I tried the new formulation AG Glass Polish on the bathroom mirror this morning.

Left it on for 15 minutes before removing.

Done absolutely nothing to prevent the steam.

Also doesn't work in the car.

Is there anything out there that _actually _works?!


----------



## Shiny (Apr 23, 2007)

http://www.ebay.co.uk/itm/10-X-100g...pt=UK_Packaging_Materials&hash=item53ecd1df65

After having these placed around the car for a week, combined with the AG glass polish, i've not had any steamed windows.

They still steam up when i get in the car with a load of kids in the morning to take them to school, but clear a lot quicker as they aren't drenched from steaming up overnight.


----------



## piston_warrior (Jul 25, 2012)

This auction is a lot cheaper for the same 100g x 10 bags.

http://bit.ly/189IdvF


----------



## V3nom (Oct 31, 2012)

matthewt23 said:


> This auction is a lot cheaper for the same 100g x 10 bags.
> 
> http://bit.ly/189IdvF


bags aren't as big mate


----------



## quattrogmbh (May 15, 2007)

Thomar Silica Gel Bags.. They do them in quantities upto 1Kg are really work.


----------



## McClane (Dec 9, 2010)

To be honest, I think getting in it wet or a couple of people breathing provide enough moisture when its cold out. They key I think is to drive or collect it out. I'd be interested to give desiccants a try. Otherwise its all about warm air in through the heater and let it go out a crack in the window once everything is warm. This seems to keep my car fairly clear. As soon as I press recirculate, it'll be foggy in minutes.

Genuinely clean windows help too, as there are less dirt particles for moisture to condense on. It doesn't form so easily on the glass itself.


----------



## XtrailAndy (Oct 14, 2013)

My sunroof was constantly misting up at night, with some heavy condensation. I used the new formula AG Glass Polish and it hasn't misted up since!, a quality product IMO.

Andy...


----------



## V3nom (Oct 31, 2012)

XtrailAndy said:


> My sunroof was constantly misting up at night, with some heavy condensation. I used the new formula AG Glass Polish and it hasn't misted up since!, a quality product IMO.
> 
> Andy...


Would you be able to tell us how you got it to work? I find it useless


----------



## quattrogmbh (May 15, 2007)

anti mist products are basically wax. I remember at a motor show many years ago, one of the trade stands selling a product to prevent eyeglasses from steaming up. basically a candle.

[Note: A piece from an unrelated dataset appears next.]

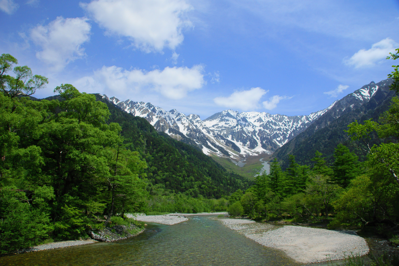 新緑の季節に上高地に行って来ました。 天候に恵まれて、新緑と残雪の穂高連峰が綺麗に見えました。

try it.. coat part of the screen with a candle and see the condensation elsewhere, but not there.


----------



## Rainbow (Oct 30, 2013)

An update...

I cleaned my windows ( again ), put a new cabin filter and still my rear windows are fogging. I intend to buy some mini moisture absorber and put it somewhere in the car. It's not a problem at all, but it's p**ing me off.


----------



## Brooklands (Jun 12, 2010)

My Saab 9000 has this really bad habit - mine is due to the false bulkhead (aquarium) being full of leaves, etc causing damp air being drawn into the cabin......maybe a problem for other cars?


----------



## before-i-forget (Jun 8, 2013)

I may sound stupid but how does turning the AC on help get rid of the mist, thought that hotter air from the blowers cleared it quicker?


----------



## XtrailAndy (Oct 14, 2013)

Hi V3nom,

As for how I got it to work, I just followed the instructions on the back of the pack.

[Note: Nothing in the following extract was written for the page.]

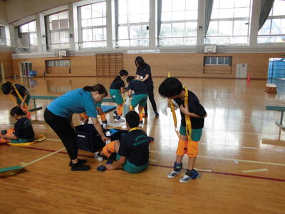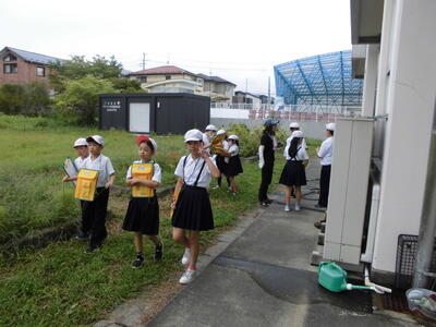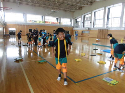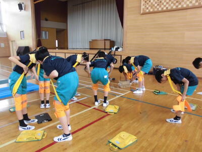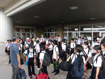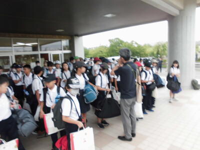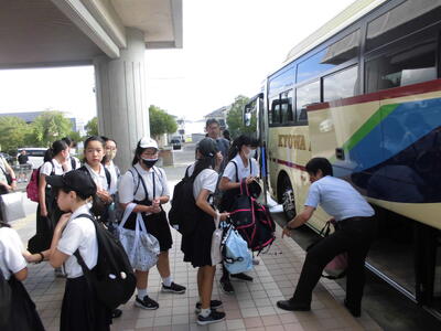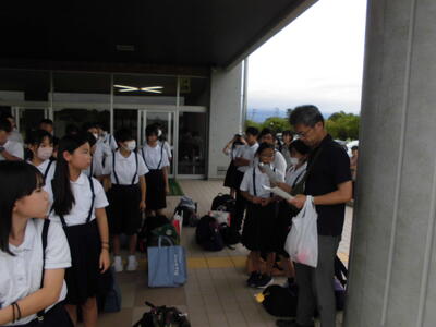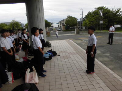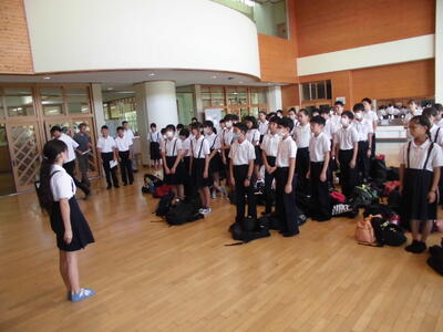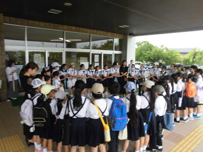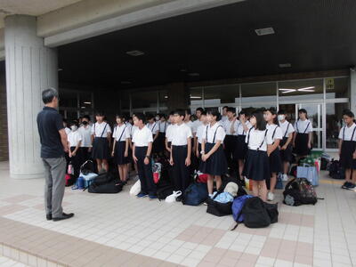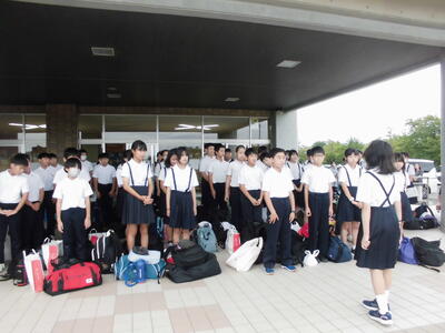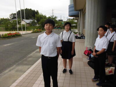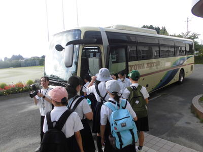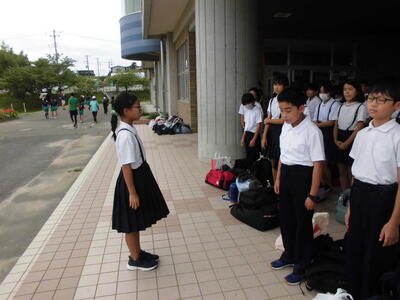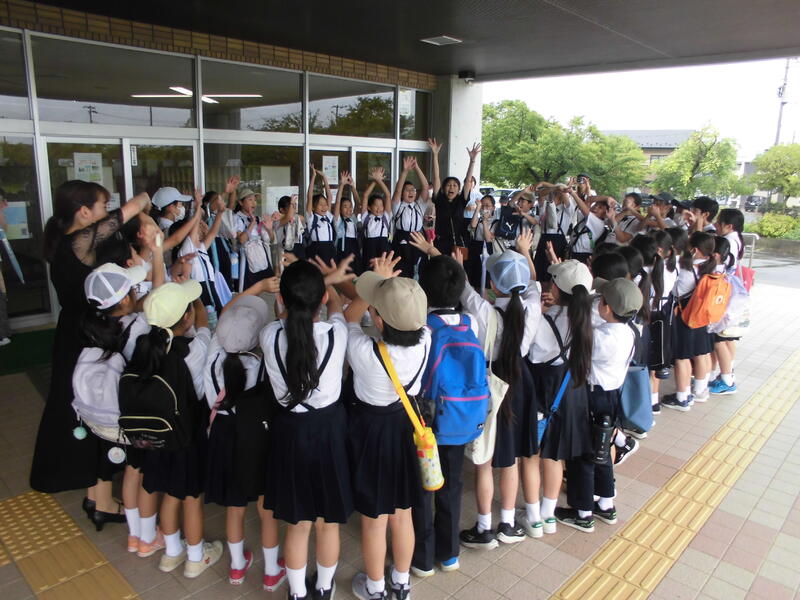 まゆみ小合唱部の子どもたちが、喜多方市で開催される「TBCこども音楽コンクール」の会場に向けて出発しました。出発前には全員で輪になって気持ちを高めました。
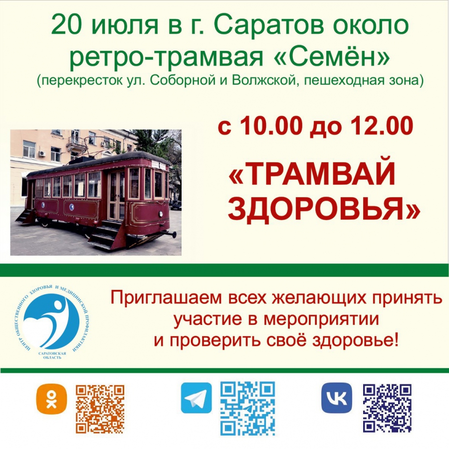Мероприятие организуется в рамках проекта «Трамвай здоровья» по инициативе государственного учреждения здравоохранения «Саратовский областной центр общественного здоровья и медицинской профилактики» при поддержке регионального минздрава и администрации города.

A chap on another forum told me that if you want to help stop your windows misting up you need to have a dry car ( interior ), and by that he means no humid air inside the car, if you set the A/C to re-circulate and the air flow to Foot-well/Windscreen the air in the car will be dried as it passes through the A/C's condenser. All I can say is that this combination has worked for me, and after many months of a misting sunroof I now have one that is crystal clear.

Andy...


----------



## The Doctor (Sep 11, 2007)

before-i-forget said:


> I may sound stupid but how does turning the AC on help get rid of the mist, thought that hotter air from the blowers cleared it quicker?


AC takes the moisture out of the air hence why you get dry throat and headaches when your in AC environment for long periods of time


----------



## Deniance (Jun 28, 2008)

Wire an ebay car preheater into your car, instant warm car, less engine wear and better mpg


----------



## vxripper (Nov 20, 2012)

I have a 2012 corsa vxr and for the pasr coue of weeks in the evenings now it's cold I had literally condensation on my windows. Took about 10 minutes to Demist them so I could see. 
I tried the rain x anti fog and it made it worse if anything!! 

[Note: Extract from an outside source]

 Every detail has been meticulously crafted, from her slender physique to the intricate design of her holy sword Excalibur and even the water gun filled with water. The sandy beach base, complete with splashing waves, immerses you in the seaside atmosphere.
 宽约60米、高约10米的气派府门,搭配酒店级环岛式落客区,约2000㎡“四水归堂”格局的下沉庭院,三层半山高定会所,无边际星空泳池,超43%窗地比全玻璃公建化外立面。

So what I did is, turned on the AC on full heat till I couldn't bare it any more it was too hot inside and then went for a fast drive (within limits) with the windows fully down for about 5 mins so the damp air would escape and my magic worked and havnt had any mist, condensation or any of the like for the past week now!! 
Give it ago. It worked for me!!


----------



## before-i-forget (Jun 8, 2013)

The Doctor said:


> AC takes the moisture out of the air hence why you get dry throat and headaches when your in AC environment for long periods of time


That actually makes so much sense haha, I always complain if im somewhere with AC for too long.


----------



## DrDax (Apr 16, 2009)

If you have damp air in the car what you can buy is some Silica bags over time they will absorb most if not all the moisture .


----------